As de la slide, Derek Trucks est un des meilleurs guitaristes de sa génération. Ceux qui l'ont vu au Spectrum, lors du Festival de jazz de 2007, peuvent en témoigner. Sa femme Susan Tedeschi, également guitariste, est une chanteuse inspirée qu'on a pu voir en 2009 au Métropolis, en première partie de Buddy Guy.

Au cours des dernières années, pour toutes sortes de bonnes raisons artistiques et familiales, ces deux-là ont décidé de faire équipe et de s'entourer de neuf musiciens. Résultat? Le premier album du Tedeschi Trucks Band, Revelator, lui a valu le Grammy de l'album de blues par excellence et son tout récent Made Up Mind, qu'on entendra au Métropolis lundi, lui est supérieur.

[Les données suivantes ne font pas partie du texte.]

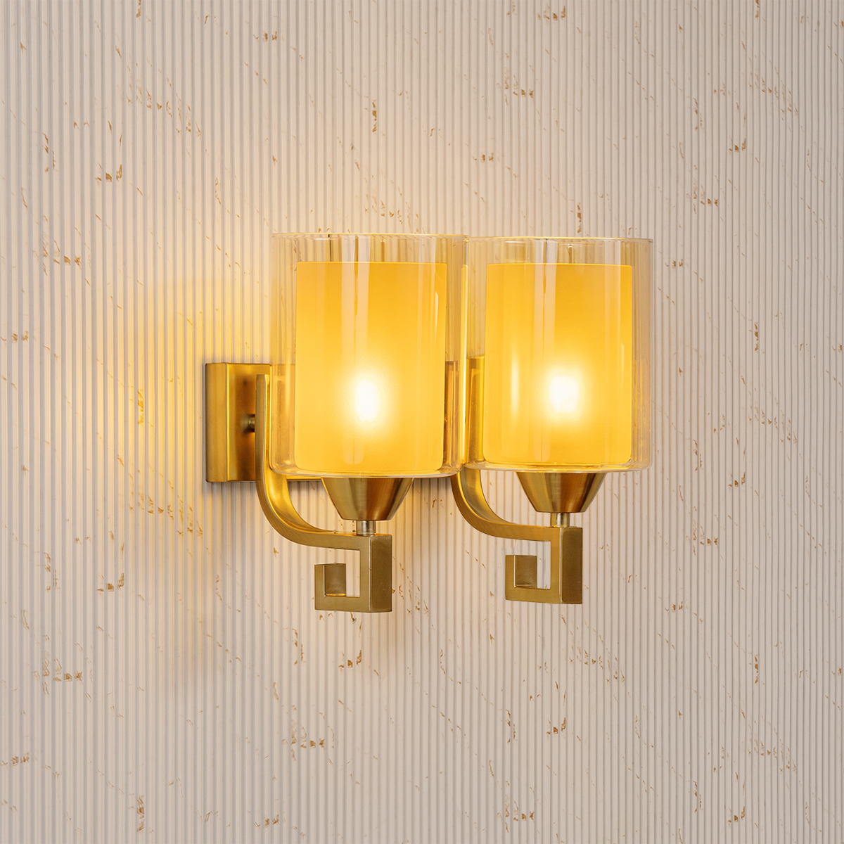 This sophisticated dual wall light showcases a harmonious blend of modern structure and timeless elegance. Featuring two sleek cylindrical shades, it casts a soft, warm glow that enhances the ambiance of any refined interior. The clean rectangular backplate provides a balanced foundation, while the gracefully curved arms with distinctive angular detailing add a subtle architectural character. Its symmetrical composition creates visual stability and makes it ideal for bedrooms, hallways, living rooms, or stylish hospitality settings where layered illumination is desired. The smooth contours and polished finish contribute to its upscale appeal without overwhelming the décor. Designed to function as both a decorative accent and a practical lighting solution, this fixture effortlessly elevates contemporary and transitional spaces with understated luxury.

«On voulait évidemment être plus souvent ensemble, mais je pense qu'après 14 ou 15 ans avec mon groupe, j'étais prêt à procéder à un changement, explique au téléphone Derek Trucks. Et puis, on a toujours voulu former un gros band, comme les Mad Dogs and Englishmen de Joe Cocker. C'était un peu comme sauter dans le vide sans nos groupes respectifs comme filet de sûreté, mais c'est devenu un band vivant qui respire et qui a désormais sa vie bien à lui.»

Une telle aventure pose également un défi au couple Tedeschi-Trucks, mais le guitariste répond que c'est justement pour s'assurer d'être prêts qu'ils ont attendu si longtemps avant d'unir leur destinée de musiciens. «Il y a aussi le défi de garder ensemble un groupe de 11 musiciens dans le climat actuel, où il n'y a plus vraiment d'industrie musicale et où on est laissé à soi-même. Mais ça fonctionne.»

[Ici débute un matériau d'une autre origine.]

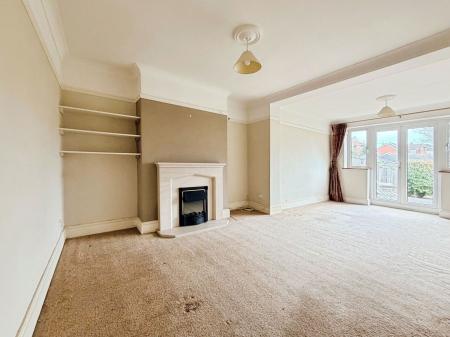Skimmed coved ceiling. Two double glazed windows to rear aspect. Double glazed french doors to rear garden. A feature limestone fireplace with real flame gas fire. Wall mounted radiator. T.V point.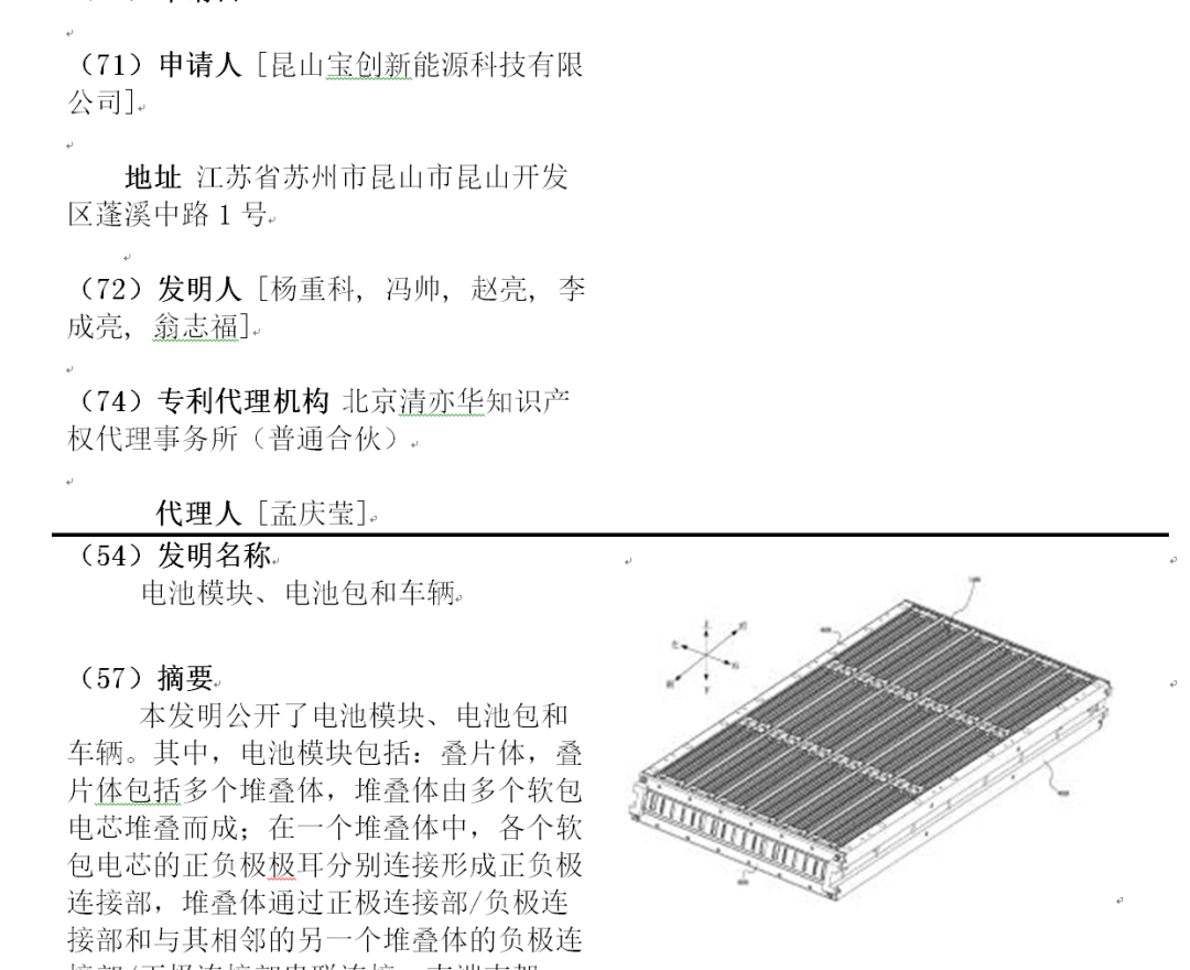 最近,我們從寶能旗下的電池公司寶創(chuàng)新能源新推出的幾篇專(zhuān)利中找到了答案,整體方案看起來(lái)像軟包的CTP。

Si Made Up Mind est un pas en avant, explique Trucks, c'est parce que le groupe venait à peine de se former quand il a enregistré Revelator. «Après quelques années en tournée, on a appris à se faire confiance et à connaître les aptitudes de tout le monde. C'est un band nettement plus confiant qui est entré en studio. Il n'y avait plus beaucoup de points d'interrogation: chacun savait comment le band devait sonner et ce qu'il pouvait accomplir.»

Des collaborations

Derek Trucks et Susan Tedeschi se sont également mis à écrire des chansons ensemble. «Avant, nous étions tellement occupés par nos carrières individuelles, l'Allman Brothers Band et la tournée de Clapton, ainsi que nos enfants [rires], qu'on a mis une décennie avant d'écrire ensemble», explique Trucks dont la présence a permis à Eric Clapton de jouer magnifiquement le répertoire de Derek and the Dominos lors de sa tournée de 2006.

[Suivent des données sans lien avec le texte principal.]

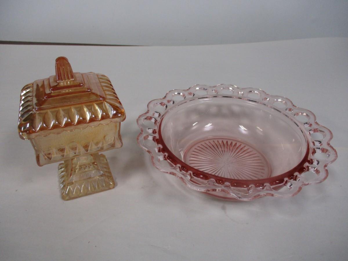 Pink Depression Ribbed Bowl Jeanette Compote With Lid Wedding Candy Dish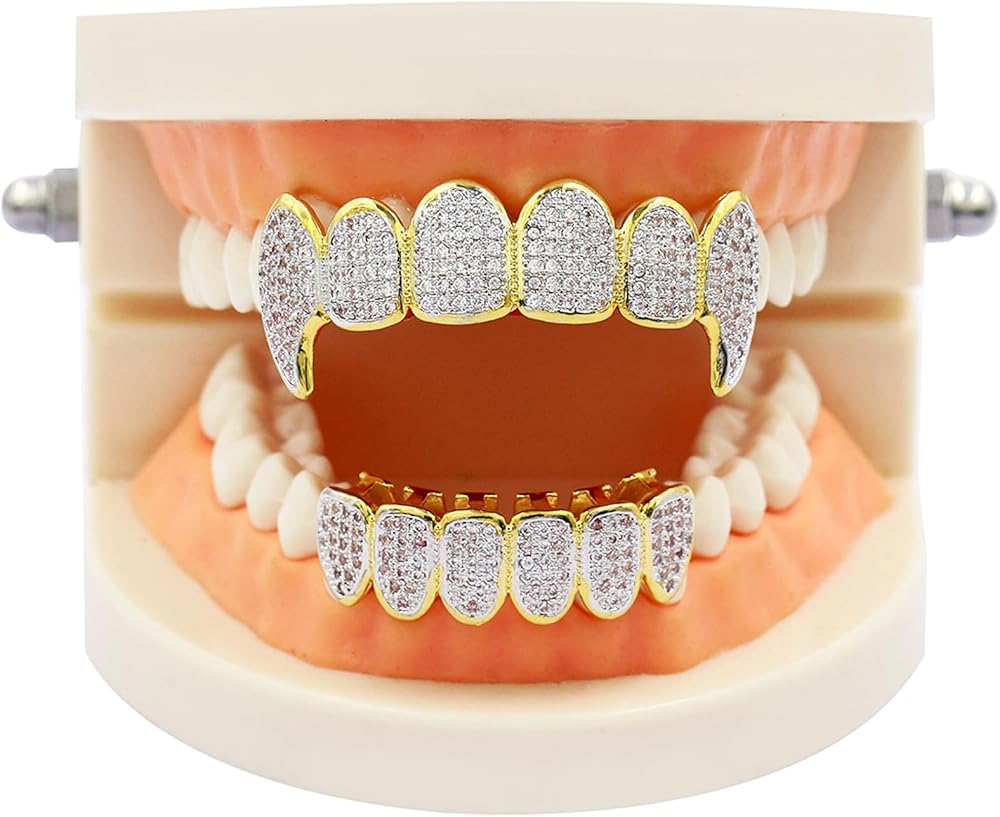 مجموعة جديدة وثلجية - تتميز شوايات أسنان مصاصي الدماء الذهبية بشوايات من مادة النحاس المعدنية الفاخرة المطلية بالذهب عيار 18 قيراط للأسنان و244+قطعة 5A+ زركونيا مكعب لامع، خالية من الرصاص والنيكل، صديقة للبيئة.

Trucks a moins de temps à consacrer à l'Allman Brothers Band ces jours-ci, mais sa curiosité le pousse encore à multiplier les collaborations comme il l'a fait avec Herbie Hancock, B.B. King, les Indiens Ayaan et Amaan Ali Khan, ainsi qu'avec Johnny Winter pour son album Roots. «Johnny m'a beaucoup marqué. Et de jouer avec lui Dust My Broom, pièce phare pour les joueurs de slide, c'était pas mal du tout.»

Le Tedeschi Trucks Band a également été invité à jouer à la Maison-Blanche l'an dernier. «C'était un moment surréel, de partager la scène avec Booker T., B.B. King, Buddy Guy et ma femme devant ma mère et nos enfants assis dans la première rangée. Je pensais au chemin parcouru par B.B. et Buddy depuis toutes ces années. Je ne sais pas si ç'aurait été possible, à l'époque, de réunir des musiciens comme ça sur une même scène à la Maison‑Blanche. Donc, même si les choses sont un peu tordues dans le monde d'aujourd'hui, je trouve que, lentement, on fait des progrès», de dire Trucks en riant.

Ce n'est sûrement pas ce à quoi il pensait quand il a écrit la chanson It's So Heavy, dans laquelle il trace un portrait plutôt sombre de son pays, les États-Unis. Il raconte: «Le jour où on a enregistré cette chanson, il y a eu le massacre des enfants de Newtown, au Connecticut. On l'a écrite avec ce genre de thème à l'esprit et le fait que ça se reproduise en a fait une chanson encore plus poignante.»

Tedeschi Trucks Band, au Métropolis le 18 novembre.